* Task objective
Look through the lines below; wherever the word "with" appears, copy that line.

* Data records
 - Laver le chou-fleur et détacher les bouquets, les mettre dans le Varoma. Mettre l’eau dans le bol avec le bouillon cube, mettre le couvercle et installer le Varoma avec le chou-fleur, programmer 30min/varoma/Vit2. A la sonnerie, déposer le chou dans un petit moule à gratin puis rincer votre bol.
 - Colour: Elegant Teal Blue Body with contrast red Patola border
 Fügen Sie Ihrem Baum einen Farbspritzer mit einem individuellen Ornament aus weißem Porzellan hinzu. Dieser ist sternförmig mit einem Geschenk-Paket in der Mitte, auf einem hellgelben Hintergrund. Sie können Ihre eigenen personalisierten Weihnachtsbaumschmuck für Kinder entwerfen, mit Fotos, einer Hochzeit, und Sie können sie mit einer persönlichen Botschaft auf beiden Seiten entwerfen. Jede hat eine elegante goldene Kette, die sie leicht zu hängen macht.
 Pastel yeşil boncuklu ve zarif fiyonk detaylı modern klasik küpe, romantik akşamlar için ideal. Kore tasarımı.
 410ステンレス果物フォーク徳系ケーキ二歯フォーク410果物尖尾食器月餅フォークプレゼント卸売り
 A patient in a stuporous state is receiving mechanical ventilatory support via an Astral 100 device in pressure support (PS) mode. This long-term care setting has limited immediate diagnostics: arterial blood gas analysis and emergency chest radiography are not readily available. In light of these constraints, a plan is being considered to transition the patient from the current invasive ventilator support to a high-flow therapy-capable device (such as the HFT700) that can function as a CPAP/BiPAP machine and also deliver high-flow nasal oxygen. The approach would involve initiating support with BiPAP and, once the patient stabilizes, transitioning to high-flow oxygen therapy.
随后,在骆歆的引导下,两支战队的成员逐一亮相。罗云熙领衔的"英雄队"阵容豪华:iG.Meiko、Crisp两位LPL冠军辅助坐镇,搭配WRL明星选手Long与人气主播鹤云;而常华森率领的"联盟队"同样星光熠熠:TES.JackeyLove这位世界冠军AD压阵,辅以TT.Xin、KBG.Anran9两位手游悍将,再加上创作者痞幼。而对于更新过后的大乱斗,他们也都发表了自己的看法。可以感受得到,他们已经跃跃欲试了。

* Written answer
 - Colour: Elegant Teal Blue Body with contrast red Patola border
 A patient in a stuporous state is receiving mechanical ventilatory support via an Astral 100 device in pressure support (PS) mode. This long-term care setting has limited immediate diagnostics: arterial blood gas analysis and emergency chest radiography are not readily available. In light of these constraints, a plan is being considered to transition the patient from the current invasive ventilator support to a high-flow therapy-capable device (such as the HFT700) that can function as a CPAP/BiPAP machine and also deliver high-flow nasal oxygen. The approach would involve initiating support with BiPAP and, once the patient stabilizes, transitioning to high-flow oxygen therapy.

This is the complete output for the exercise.